I’ve spent the last few days at my parents’ house. They’re offering for me to stay put here for as long as I like, rent-free, as long as I clean the house and come in at a certain hour. This sounds like an excellent deal, until you see what filth my parents’ house is entombed in. I spent three hours today cleaning the kitchen, half of that time cutting through years-old kitchen grease on the stove (and I could have gone three more hours had I done the walls).  I don’t see this working out past spring. For now, however, I have a safe place to park my car and shower, so that’s all I can ask for right now.

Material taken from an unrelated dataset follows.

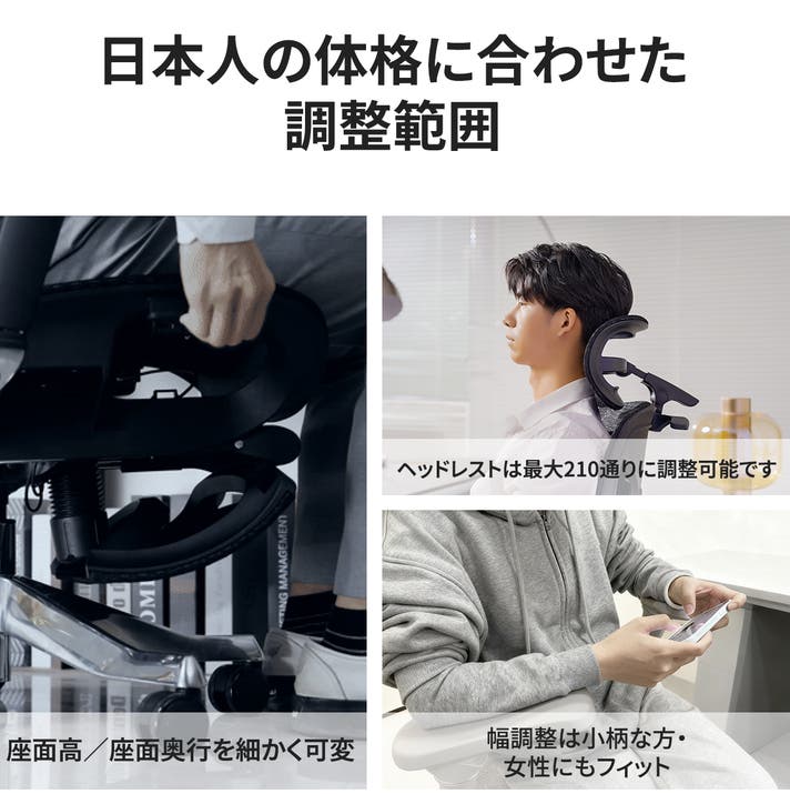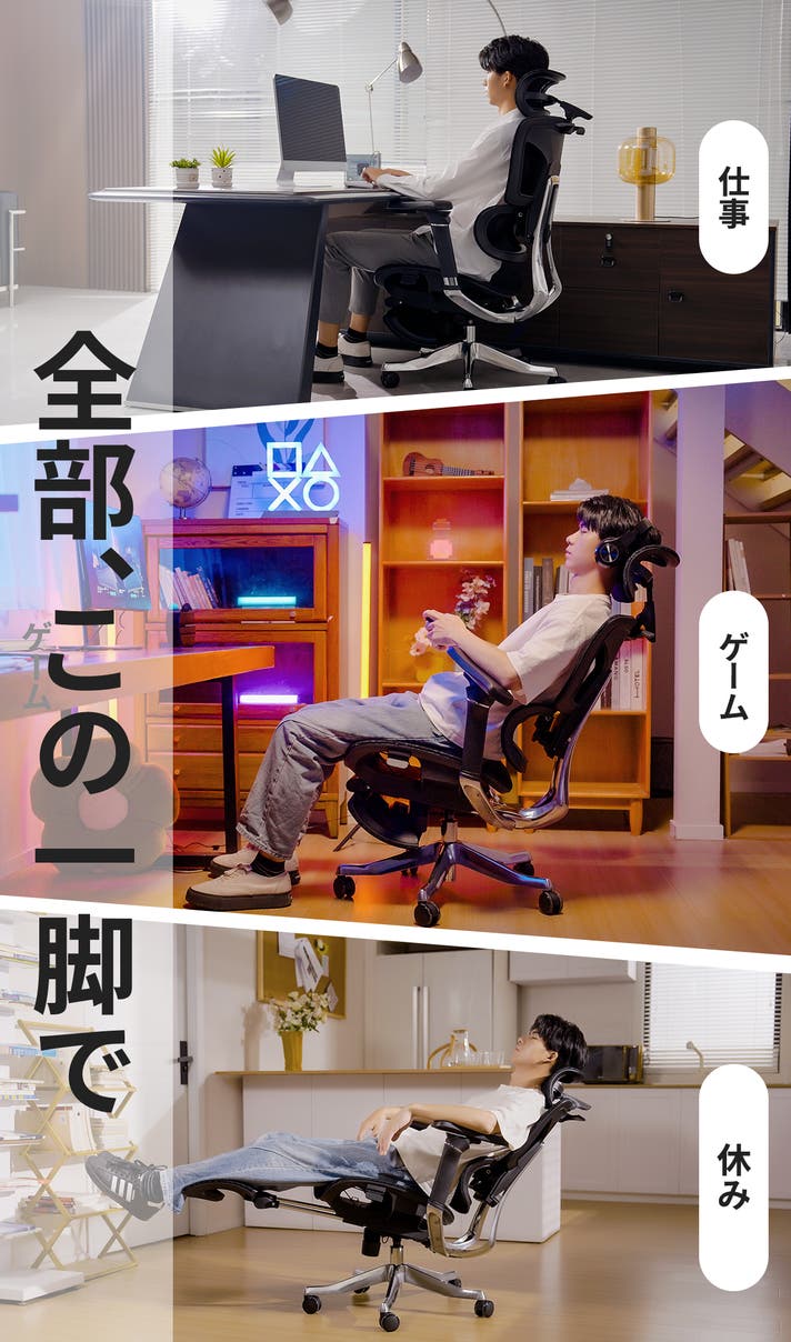 - チエア選びで、もう迷わない。長時間の座りでも首・肩・腰をしっかりサポート

I bought a car two weeks after I landed the new position. It’s a 2007 Ford Fusion with a stick shift. It has less than 80,000 miles on it. It’s the nicest thing I’ve ever driven. It’s the car I’m gonna drive to Alaska. 

I’m still learning ASL and I’ve gotten quite fluent in it, to the point where I’m strongly considering going back to school for it. In the internim, I’m just going to try to learn it for the ministry’s sake and keep going. 

I’m considering an out-of-state move when it warms up. I don’t know where yet though. 

I’m out of words but not out of heart.